* [AIM OF THE TASK]
Every entry below should be printed exactly, without its images.

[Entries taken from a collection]
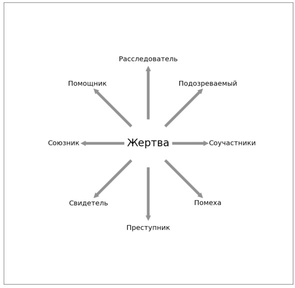 Жертва может становиться помехой в расследовании после своей смерти, если её прошлое или действия затрудняют раскрытие преступления, например, ведя следствие по ложному пути. Жертва -> Помеха.
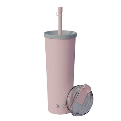 ASOBU Ocean Double-Walled Vacuum-Insulated Stainless Steel Travel Tumbler with Flexible Straw & Dual Lids, 27 oz., Pink (ICT27)
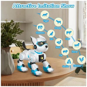 Tipo de brinquedo/robô: Robô cachorro programável com controle remoto, comando de voz, gravação de voz da criança, imitação de sons de animais, luzes LED e movimentos variados
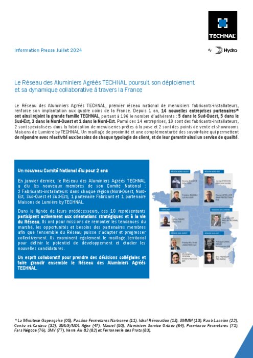 Le Réseau des Aluminiers Agréés TECHNAL, premier réseau national de menuisiers fabricants-installateurs, renforce son implantation aux quatre coins de la France. Depuis 1 an, 14 nouvelles entreprises partenaires ont ainsi rejoint la grande famille TECHNAL, portant à 196 le nombre d’adhérents : 5 dans le Sud-Ouest, 5 dans le Sud-Est, 3 dans le Nord-Ouest et 1 dans le Nord-Est. Parmi ces 14 entreprises, 10 sont des fabricants-installateurs, 2 sont spécialisées dans la fabrication de menuiseries prêtes à la pose et 2 sont des points de vente et showrooms Maisons de Lumière by TECHNAL.
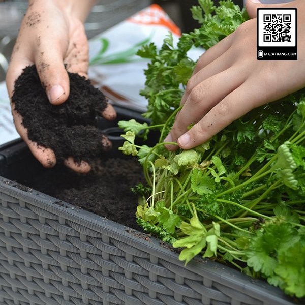 – Bước 2: Xử lý chậu và đất trồng rau mùi
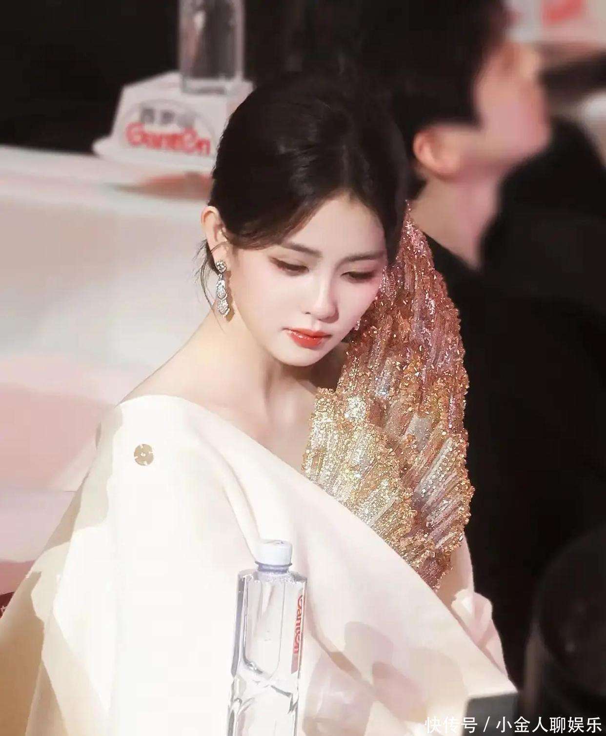 3月9日的电视剧品质盛典,本以为是一场星光璀璨的晚会,结果却成了『白鹿』的大型翻车现场。她刚落座内场,全网便炸开了锅。最先被吐槽的,是她披着的那件米白色披肩——本应衬托礼服的优雅,却意外把整套造型拉入了社死境地。肩颈处那片鎏金装饰,被网友们戏称像一把金色扇子,漂浮在那里,仿佛是家里落下的舞台道具,与整体造型极度违和。弹幕瞬间刷屏:这设计也太雷了吧,脚趾都抠出了宇宙。还有人调侃:『白鹿』怕不是把家里的扇子披身上了?金光闪闪的装饰本应精致,却瞬间把她的仙气拉成了土味艺术。随后,『白鹿』起身与嘉宾热聊,披肩滑落一角,那扇子也彻底暴露在大众视线里,网友们直接笑喷:妹妹你这礼服穿得比综艺效果还搞笑啊!

* [EXERCISE RESULT]
 Жертва может становиться помехой в расследовании после своей смерти, если её прошлое или действия затрудняют раскрытие преступления, например, ведя следствие по ложному пути. Жертва -> Помеха.
 ASOBU Ocean Double-Walled Vacuum-Insulated Stainless Steel Travel Tumbler with Flexible Straw & Dual Lids, 27 oz., Pink (ICT27)
 Tipo de brinquedo/robô: Robô cachorro programável com controle remoto, comando de voz, gravação de voz da criança, imitação de sons de animais, luzes LED e movimentos variados
 Le Réseau des Aluminiers Agréés TECHNAL, premier réseau national de menuisiers fabricants-installateurs, renforce son implantation aux quatre coins de la France. Depuis 1 an, 14 nouvelles entreprises partenaires ont ainsi rejoint la grande famille TECHNAL, portant à 196 le nombre d’adhérents : 5 dans le Sud-Ouest, 5 dans le Sud-Est, 3 dans le Nord-Ouest et 1 dans le Nord-Est. Parmi ces 14 entreprises, 10 sont des fabricants-installateurs, 2 sont spécialisées dans la fabrication de menuiseries prêtes à la pose et 2 sont des points de vente et showrooms Maisons de Lumière by TECHNAL.
 – Bước 2: Xử lý chậu và đất trồng rau mùi
 3月9日的电视剧品质盛典,本以为是一场星光璀璨的晚会,结果却成了『白鹿』的大型翻车现场。她刚落座内场,全网便炸开了锅。最先被吐槽的,是她披着的那件米白色披肩——本应衬托礼服的优雅,却意外把整套造型拉入了社死境地。肩颈处那片鎏金装饰,被网友们戏称像一把金色扇子,漂浮在那里,仿佛是家里落下的舞台道具,与整体造型极度违和。弹幕瞬间刷屏:这设计也太雷了吧,脚趾都抠出了宇宙。还有人调侃:『白鹿』怕不是把家里的扇子披身上了?金光闪闪的装饰本应精致,却瞬间把她的仙气拉成了土味艺术。随后,『白鹿』起身与嘉宾热聊,披肩滑落一角,那扇子也彻底暴露在大众视线里,网友们直接笑喷:妹妹你这礼服穿得比综艺效果还搞笑啊!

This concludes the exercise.